#### [Prompt]
Below are records that contain pictures; transcribe the text exactly and omit the pictures.

#### [Entries supplied]
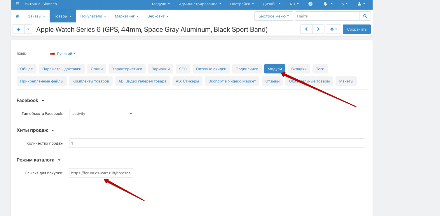 протестировал модуль, там нету возможности указать свою ссылку в карточке товара, не подходит он.
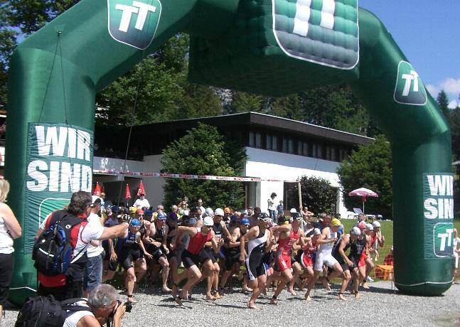 Gestern ging ich beim meinem ersten Triathlon in Kirchbichl in Österreich an den Start, Ralf mein Vereinskumpel war auch mit am dabei und mein Ziel war, eine Top Ten Platzierung und damit ein wenig Preisgeld mit nach hause zu nehmen. Für den Sieger standen 700 Euro zu buche und es war klar, daß einige Profis am Start stehen würden um sich die Kohle zu cashen. Als wir die Starterliste sichteten, vielen uns bekannte Namen auf wie Frederic Kohl, Norbert Langbranntner, Michi Weiß (Vize-Weltmeister in Monaco über die 70.3 Strecke), sogar Starter aus der Schweiz, Italien und Polen waren zu finden. Ich fragte mich Top Ten ???
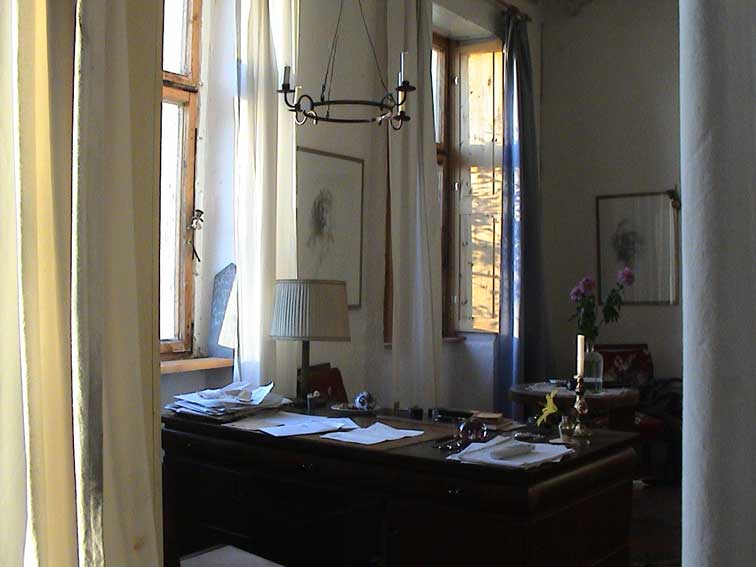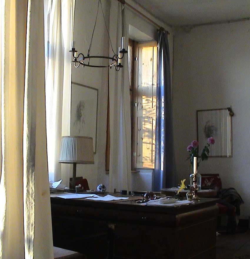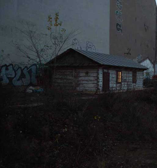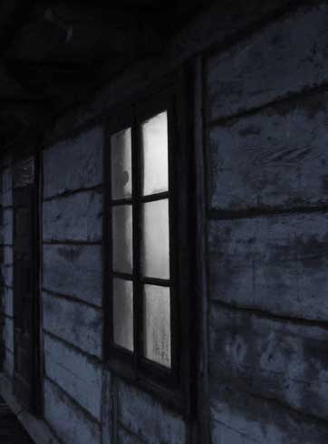 abends aus dem Fenster rettet viel-für den Tag alles. Im elenden Dorf
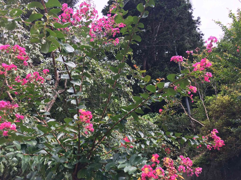 里山のサルスベリはワイルドで、色も濃い気がします!あたり一面緑だからかしら?
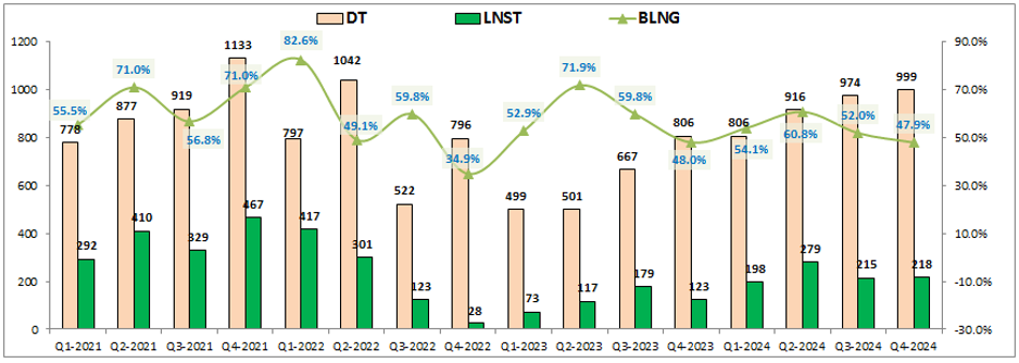 Chúng ta sẽ update nhanh một chút về kết quả kinh doanh của VCI trong Q4-2024. Kết thúc Q4 VCI ghi nhận 999 tỷ đồng doanh thu, tăng 24% yoy. Lợi nhuận sau thuế đạt 218 tỷ đồng, tăng 77.6% yoy. Tuy nhiên nếu so với kết quả đạt được 3 quý đầu năm thì lợi nhuận của VCI có phần đi ngang. (Hình 2)
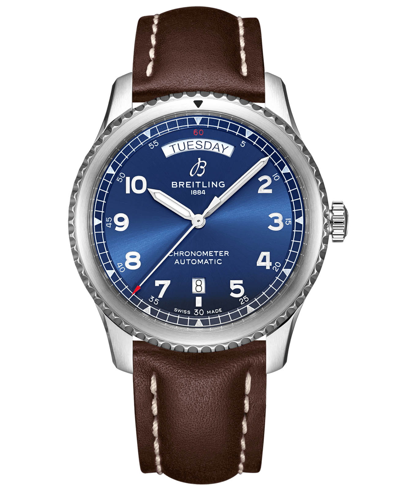 Модель Aviator 8 Automatic Day & Date 41 A45330101C1X2 отображает день недели, дату и время. Индикатор дня недели размещен в положении «12 часов» симметрично дате, в положении «6 часов». «Сердцем» модели этих автоматических наручных часов является калибр Breitling Caliber 45, а двунаправленный ротор автоподзавода обеспечивает запас хода свыше 40 часов.
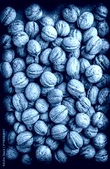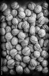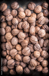 Walnuts overhead closeup large arrangement in peel on dark background in studio
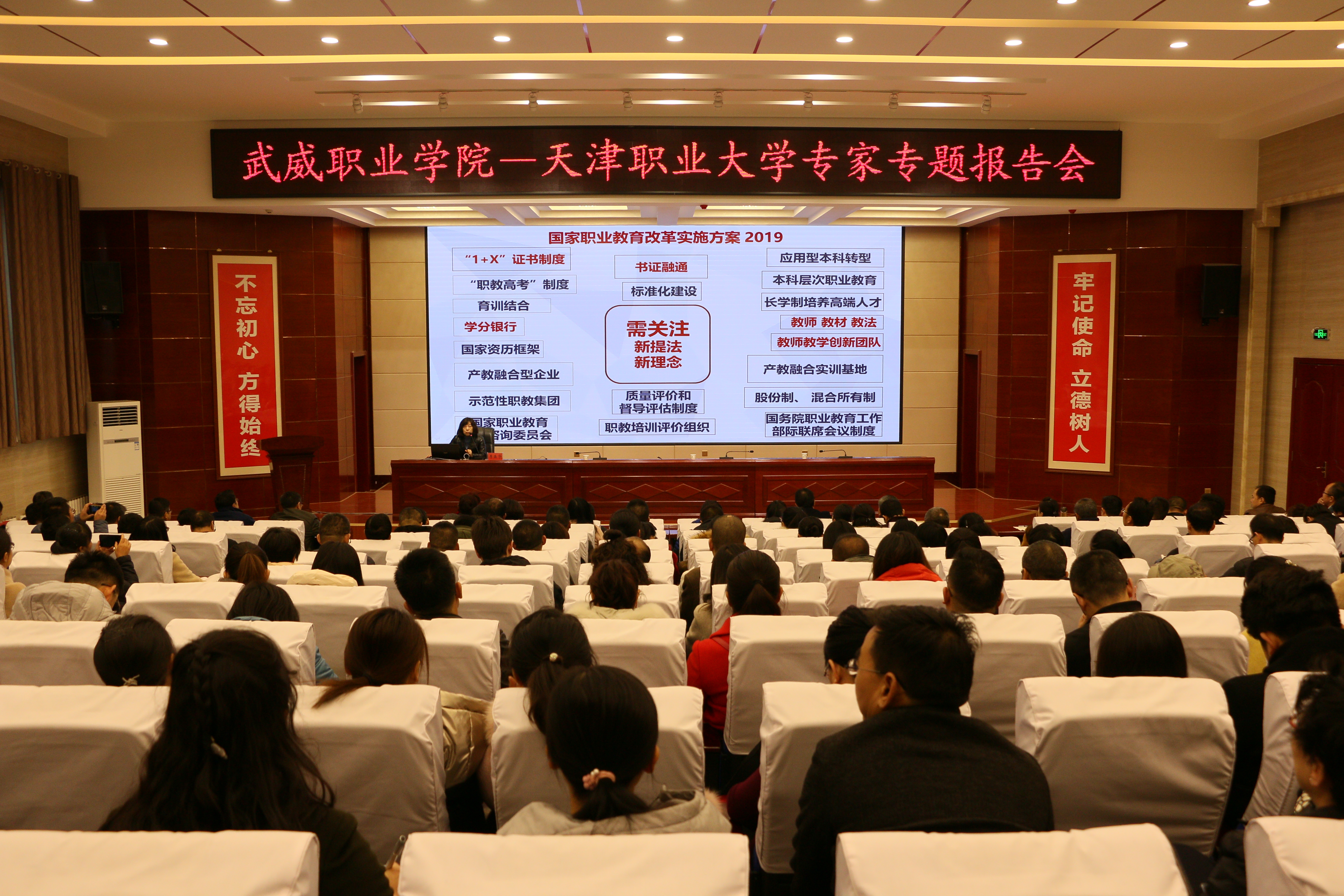 11月20日,武威職業(yè)學(xué)院“綠洲講壇”第27期在學(xué)院菁英廳舉行,本期活動(dòng)邀請(qǐng)到天津職業(yè)大學(xué)汽車(chē)學(xué)院院長(zhǎng)李晶華作主題為“《國(guó)家職業(yè)教育改革實(shí)施方案》解讀”的報(bào)告。學(xué)院領(lǐng)導(dǎo)班子、中層干部、教師代表220余人參加了報(bào)告會(huì)。本期講壇由學(xué)院黨委書(shū)記、院長(zhǎng)趙明主持。

#### [Written solution]
 протестировал модуль, там нету возможности указать свою ссылку в карточке товара, не подходит он.
 Gestern ging ich beim meinem ersten Triathlon in Kirchbichl in Österreich an den Start, Ralf mein Vereinskumpel war auch mit am dabei und mein Ziel war, eine Top Ten Platzierung und damit ein wenig Preisgeld mit nach hause zu nehmen. Für den Sieger standen 700 Euro zu buche und es war klar, daß einige Profis am Start stehen würden um sich die Kohle zu cashen. Als wir die Starterliste sichteten, vielen uns bekannte Namen auf wie Frederic Kohl, Norbert Langbranntner, Michi Weiß (Vize-Weltmeister in Monaco über die 70.3 Strecke), sogar Starter aus der Schweiz, Italien und Polen waren zu finden. Ich fragte mich Top Ten ???
 abends aus dem Fenster rettet viel-für den Tag alles. Im elenden Dorf
 里山のサルスベリはワイルドで、色も濃い気がします!あたり一面緑だからかしら?
 Chúng ta sẽ update nhanh một chút về kết quả kinh doanh của VCI trong Q4-2024. Kết thúc Q4 VCI ghi nhận 999 tỷ đồng doanh thu, tăng 24% yoy. Lợi nhuận sau thuế đạt 218 tỷ đồng, tăng 77.6% yoy. Tuy nhiên nếu so với kết quả đạt được 3 quý đầu năm thì lợi nhuận của VCI có phần đi ngang. (Hình 2)
 Модель Aviator 8 Automatic Day & Date 41 A45330101C1X2 отображает день недели, дату и время. Индикатор дня недели размещен в положении «12 часов» симметрично дате, в положении «6 часов». «Сердцем» модели этих автоматических наручных часов является калибр Breitling Caliber 45, а двунаправленный ротор автоподзавода обеспечивает запас хода свыше 40 часов.
 Walnuts overhead closeup large arrangement in peel on dark background in studio
 11月20日,武威職業(yè)學(xué)院“綠洲講壇”第27期在學(xué)院菁英廳舉行,本期活動(dòng)邀請(qǐng)到天津職業(yè)大學(xué)汽車(chē)學(xué)院院長(zhǎng)李晶華作主題為“《國(guó)家職業(yè)教育改革實(shí)施方案》解讀”的報(bào)告。學(xué)院領(lǐng)導(dǎo)班子、中層干部、教師代表220余人參加了報(bào)告會(huì)。本期講壇由學(xué)院黨委書(shū)記、院長(zhǎng)趙明主持。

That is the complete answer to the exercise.